After years of believing in Jesus, I finally came to a point where I fell on my face and declared Him to be the Lord of my life. I made a personal declaration - a confession - of who He was and is and evermore shall be to anyone and everyone who would listen.

Just afterward, as truths came to me faster than I could possibly sort or contain them, I found myself in a small bed of confusion.

I'd ask God difficult questions...and He'd answer, but often I still found myself confused. Then, He would send a confirmation as to who He is in my life and the plan He has for it, again proving my importance to Him.

Sometimes we bring great joy to the Lord. Other times He must rebuke us. Still, He loves us dearly...and so Peter learned some two thousand years ago.

The Confession
 
We've talked about this before, but it bears repeating: Peter knew very well who Jesus was.

Jesus and the boys were in Caesarea Philippi, a place dedicated to the glory of Rome. The phrase, "Caesar is lord!" could be heard clearly from her citizens. How appropriate that Jesus should ask His disciples there, "Who do people say I am?"

In other words, we know who people say Caesar is. But what about me? Who are people saying I am?

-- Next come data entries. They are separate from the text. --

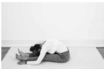
Foroverbøjning siddende 3 minutter (side 98)
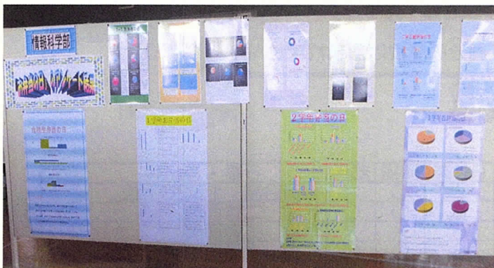
情報科学部 統計グラフ
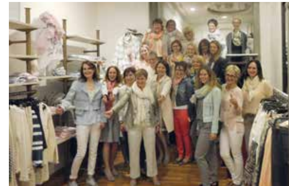
More Women St. Gallen
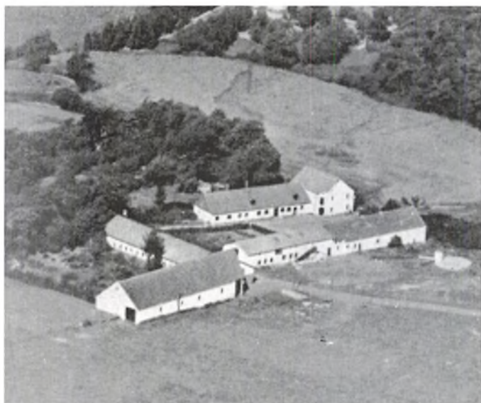
Gørding Møllegård efter branden 1930.

Den østlige længe i gården var svinestald og to hestestalde. Hele marken ligger øst for gården, ca. 80 tdr. land fra åen til Lourupvej.

It wasn't that Jesus didn't know the answer. It wasn't a question to be answered in order to enlighten Him, but to bring enlightenment to the men He loved and was preparing for great service.

The boys answered, "Some say John the Baptist." John had been beheaded by this point...and some believed John had returned in the form of Jesus to continue his ministry.   "Others say Elijah." Elijah was their great prophet whom God had taken up into heaven via fiery chariot instead of death. "Or, one of the other prophets," they concluded.

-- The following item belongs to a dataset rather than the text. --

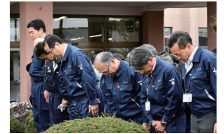
役場前で町職員らが黙とう
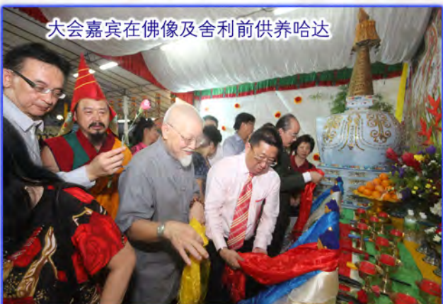
大会嘉宾在佛像及舍利前供养哈达

"Okay," Jesus nodded. "Now...how about you. Who do you say I am?"

Just last evening, as I sat in my living room with my home group sitting about me, I explained something very important to them: it's not enough to know what you believe. You must be able to know why you believe it.

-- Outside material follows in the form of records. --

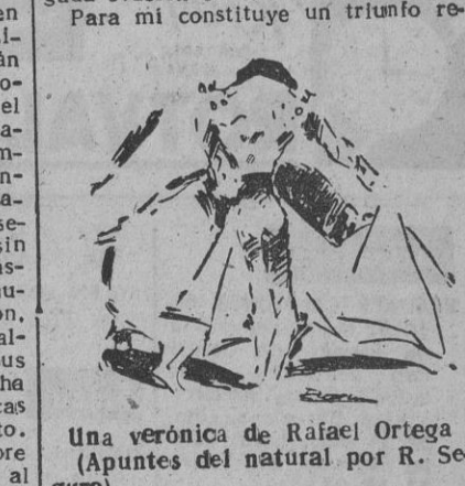
Una verónica de Rafael Ortega (Apuntes del natural por R. Saura)
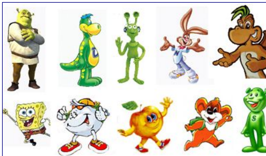
Карточка 2. Антропоморфные персонажи (каждый персонаж был помещен на отдельный лист)
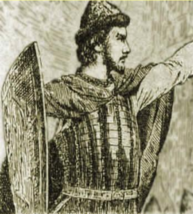
Великий князь Тверской Александр Михайлович

В 1329 г. Иван Калита осадил Псков, требуя выдачи тверского князя хану.

Peter answered, "You are the Christ [the Messiah]." (Mark 8:29b)

In Matthew's version of this story, there is additional dialogue. After Peter's confession, Jesus says to him, "Blessed are you Simon, son of Jonah."

Note that Jesus calls Peter by his given name, Simon. Remember back to the first installment of this teaching. In John 1:42, upon meeting Simon, Jesus remarks to him, "You are Simon...but you will be called Cephas." Cephas (pronounced kay-fas') means rock and Jesus continues, "...on this rock I will build my church." (Matthew 16:18, emphasis mine) He also tells them of the power behind the confession. "The gates of Hell will not be able to overcome it. I will give you the keys of the kingdom of heaven; whatever you bind on earth will be found in heaven, and whatever you loose one earth will be loosed in heaven."

Then Jesus warned them to keep all this to themselves.

The Confusion

What a fabulous moment of declaration! Peter makes a profound statement as to the Messiah-ship of Christ and is rewarded by Jesus with a new identity in Him. And then...confusion steps in and seemingly ruins the moment.

Jesus has told His disciples not to tell anyone about who He is...and then begins to prepare them for His future. He tells them He will:

  • Suffer many things
  • Be rejected by the elders, chief priests, and teachers of the law
  • That He must be killed...but that He will be raised from the dead on the third day.

Mark states in 8:32 that Jesus spoke "very plainly" about these things.

Remember, Mark's gospel most likely came from his relationship with Peter. Peter may have sat down with the young Mark, who he later refers to as "his son," and said, "You know, Mark...when Jesus told us about this...He made no bones about it. He was to the point, forthright. There was not a single point of confusion...and yet, boy! Was I confused!"